Answer. Time series that diverge away from their mean over time are said to be non-stationary. Therefore, the classical estimation of variables with this relationship most times gives misleading inferences or spurious regression.
A non-stationary time series is a stochastic process with unit roots or structural breaks. However, unit roots are major sources of non-stationarity. The presence of a unit root implies that a time series under consideration is non-stationary while the absence of it entails that a time series is stationary. This depicts that unit root is one of the sources of non-stationarity. A non-stationary stochastic process could be Trend Stationary (deterministic) Process (TSP) or Difference Stationary Process (DSP).
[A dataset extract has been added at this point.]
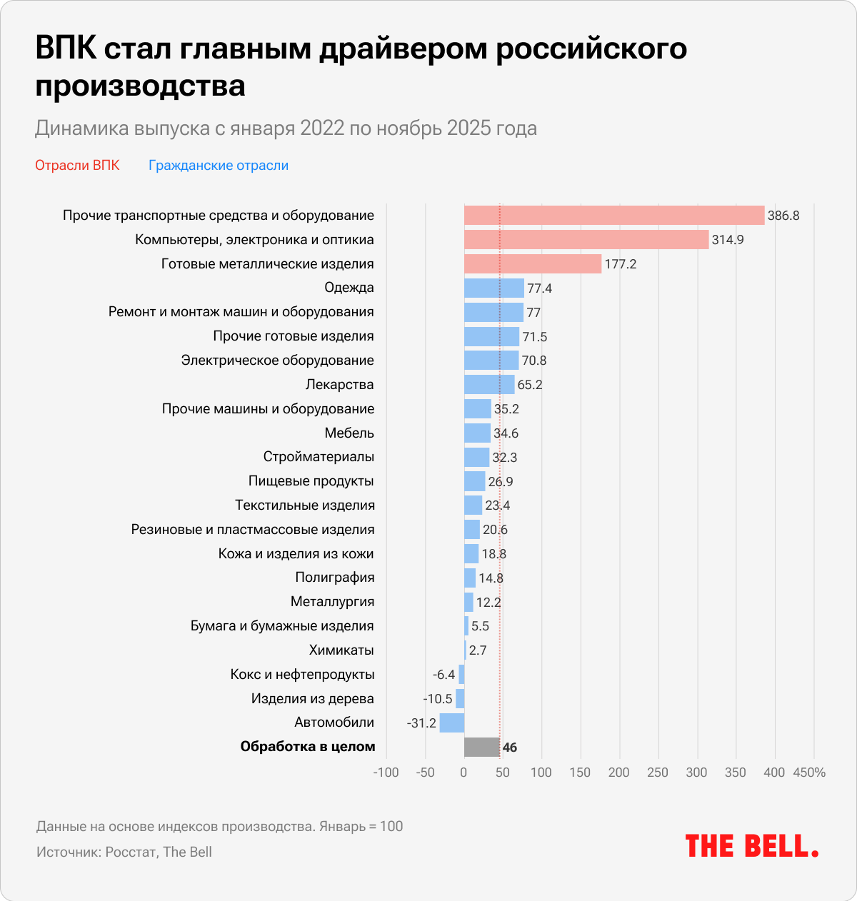 За четыре года обрабатывающая промышленность в целом выросла на 18,3%. Но, если разложить ее на военную и гражданскую части, картина меняется. Оборонные отрасли обеспечили весь этот рост — и даже больше: их вклад в общий показатель превысил 20 п.п. Значит, гражданское производство за тот же период сократилось.

It should be made clear that if a time series is TSP, but treated as DSP, this is called over-differencing. On the other hand, if a time series is DSP, but treated as TSP; this is referred to as under-differencing. The implications of these types of specification error can be serious, depending on how the serial correlation properties of the resulting error terms are handled. However, it has been observed that most time series are DSP rather than TSP. Therefore, when such non-stationary time series (DSP) are used in estimation of an econometric model, the Ordinary Least Square (OLS) traditional diagnostic statistics for evaluation of the validity of the model estimates such as, coefficient of determination (R2), Fisher’s Ratio(F Statistic), Durbin-Watson(DW-Stat), t-statistic etc. become highly misleading and unreliable in terms of forecast and policy. In such series, the mean, variance, covariance and autocorrelation functions change overtime and affect the long run development of the series. The presence of unit root in these series leads to the violation of assumptions of constant means and variances of OLS.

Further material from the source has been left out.